Chapter 28 Quiz: Decision Trees and Random Forests

Contributors to Introduction to Data Science

Chapter 28 Quiz: Decision Trees and Random Forests

Instructions: This quiz tests your understanding of Chapter 28. Answer all questions before checking the solutions. For multiple choice, select the best answer — some options may be partially correct. For short answer questions, aim for 2-4 clear sentences. Total points: 100.

Section 1: Multiple Choice (10 questions, 4 points each)

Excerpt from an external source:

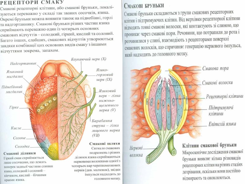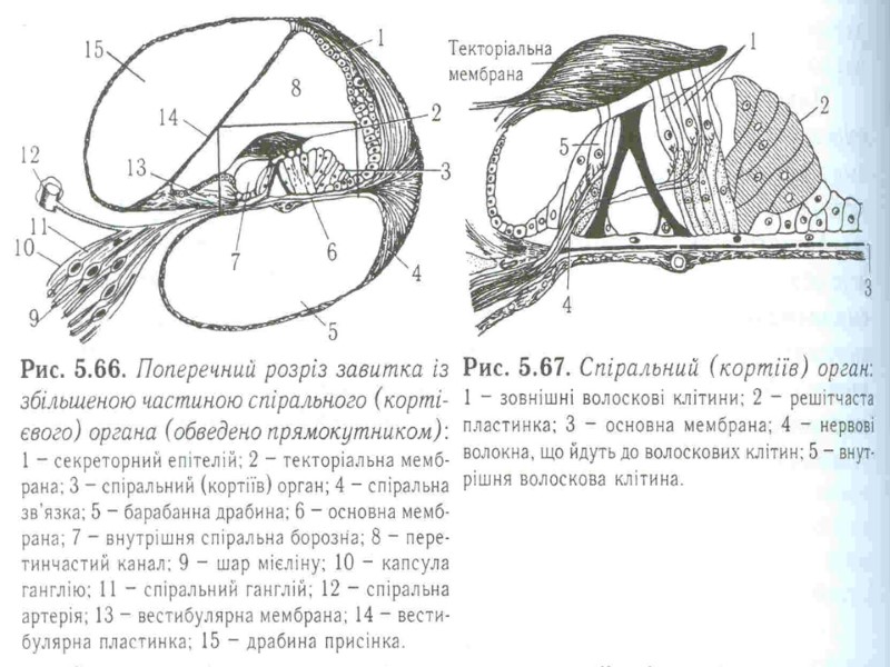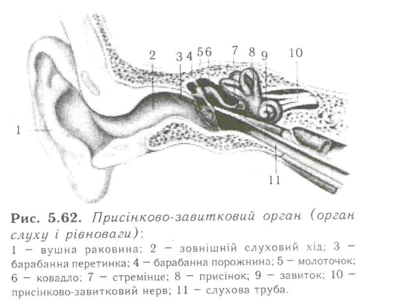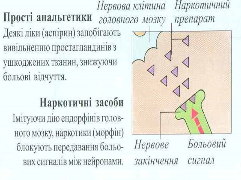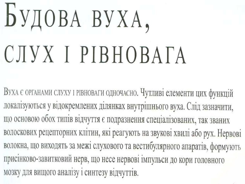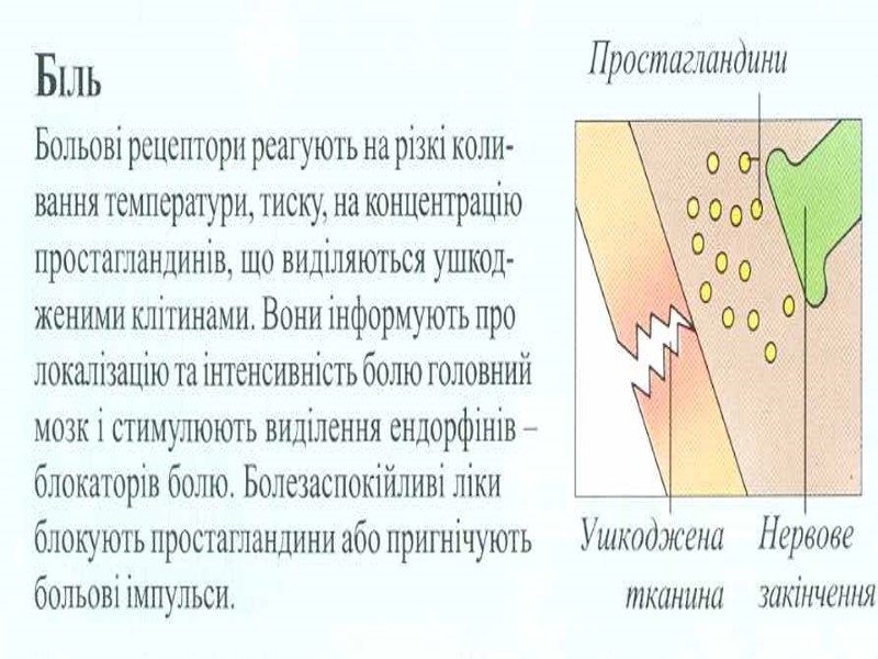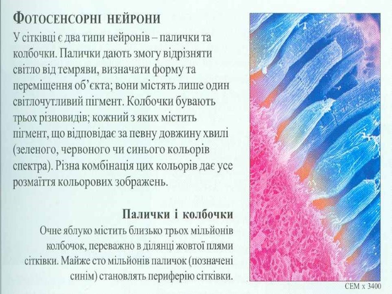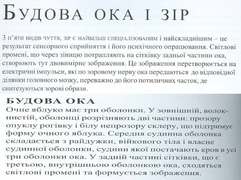Аналізатори зовнішнього і внутрішнього середовища В кожному аналізаторі розрізняють 3 частини: Периферичну (рецепторну), вона представлена органами, в яких знаходяться спеціалізовані рецепторні клітини. По специфічності сприйняття стимулів розрізняють – механорецептори (рецептори органа слуху, рівноваги, тактильні рецептори шкіри, рецептори апарату руху, барорецептори), хеморецептори (органів смаку, нюху, судинні інтерорецептори), фоторецептори (сітчатка ока) , терморецептори (шкіри, внутрішніх органів), больові рецептори. Рецепторні клітини периферичного відділу аналізаторів явл. складовою частиною органів відчуттів (око, вухо і ін) і органів, які виконують в основному не сенсорні функції (ніс, язик і ін) 2. Проміжну (провідникову) частину сенсорної системи представляє мережа вставних нейронів, по яких нервовий імпульс від рецепторних клітин передається до кіркових центрів. На цьому шляху можуть бути проміжні, підкіркові, центри, де відбувається обробка аферентної інформації і переключення її на еферентні центри. 3. Центральну частину СС представляють ділянки кори великих півкуль. В центрі здійснюється аналіз інформації, яка надходить, формування суб»єктивних відчуттів. Тут інформація може бути закладена в довгострокову пам»ять або переключена на еферентні шляхи.

Question 1. In a decision tree, which component makes the final prediction?

(A) The root node
(B) Internal nodes
(C) Leaf nodes
(D) Branches

Answer

**Correct: (C)** Leaf nodes are the endpoints of the tree where predictions are made. The root node asks the first question, internal nodes ask subsequent questions, and branches represent the answers. A sample "falls through" the tree from the root until it reaches a leaf, which provides the prediction (a class label for classification or a number for regression).

Question 2. A node contains 60 samples of class A and 40 samples of class B. What is its Gini impurity?

(A) 0.24
(B) 0.48
(C) 0.50
(D) 0.60

Answer

**Correct: (B)** Gini = 1 - (60/100)² - (40/100)² = 1 - 0.36 - 0.16 = 0.48. - **(A)** 0.24 would be half the correct answer — a common arithmetic error if you forget the formula. - **(C)** 0.50 is the maximum Gini impurity for two classes (50/50 split), which this is not. - **(D)** 0.60 is the proportion of class A, not the Gini impurity.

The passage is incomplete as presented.